“The two most important days in your life are the day you were born, and the day you find out why.”
That quote was near the end of the production of “Church Basement Ladies” that we closed yesterday. It’s the sixth in the series, so regular audience members definitely know the characters, and enjoy seeing them figure out why they were born.
In the musical, there’s a mid-century mom (played by me!) that doesn’t know her purpose now that her daughter is off to college, and a father silently struggling with the same thing but not allowed to show emotion in their Upper Midwestern culture.
There’s a Lutheran pastor who went into ministry because of his father and grandfather, who now wonders if there were other things for which he may have been more suited. (It turns out he needed to figure out HIS way of being a pastor, but “pastorizing” is in fact his calling.)
There’s also a traveling salesman who keeps changing his pitch and his products, just trying to find his way. An old man wondering whether anyone needs him anymore. A woman who has never fit in, but keeps trying to connect by bringing hotdishes to potlucks, which always turn out to be inedible. Cooking is nowhere near her purpose.

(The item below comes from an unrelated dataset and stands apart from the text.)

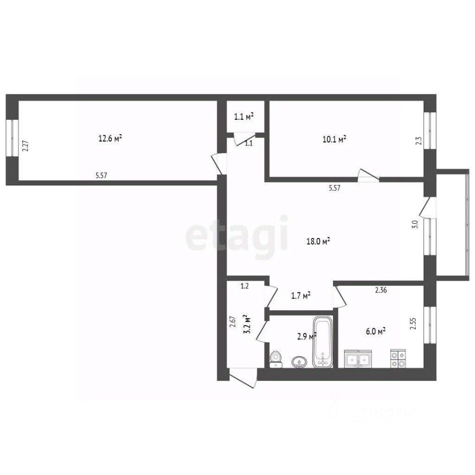 55,6 м²
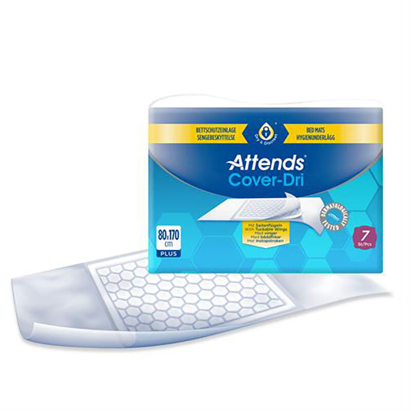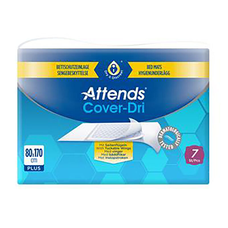 Attends Cover Dri Plus 80×170 cm 7-pack is an absorbent hygiene underpad designed for use in beds, chairs, and wheelchairs as a complement to incontinence protection where there is a risk of leakage. The underpad can also be used after clinical procedures or as a protective layer under regular bedsheets when training children to become diaper-free at night.

Everyone in the musical has patterns that are well established. Everyone wonders if that’s really what God intended for them. They all evolve in different ways.
That’s true of us as well. Sometimes we have an inkling or wonder if there is something else to explore. Maybe we changed. Maybe the world changed. Maybe we never quite found our place to begin with.
Today, take some time to consider why you were born. I believe that you have a purpose that is so specific and so needed in your community, that it could not possibly apply to a single other person.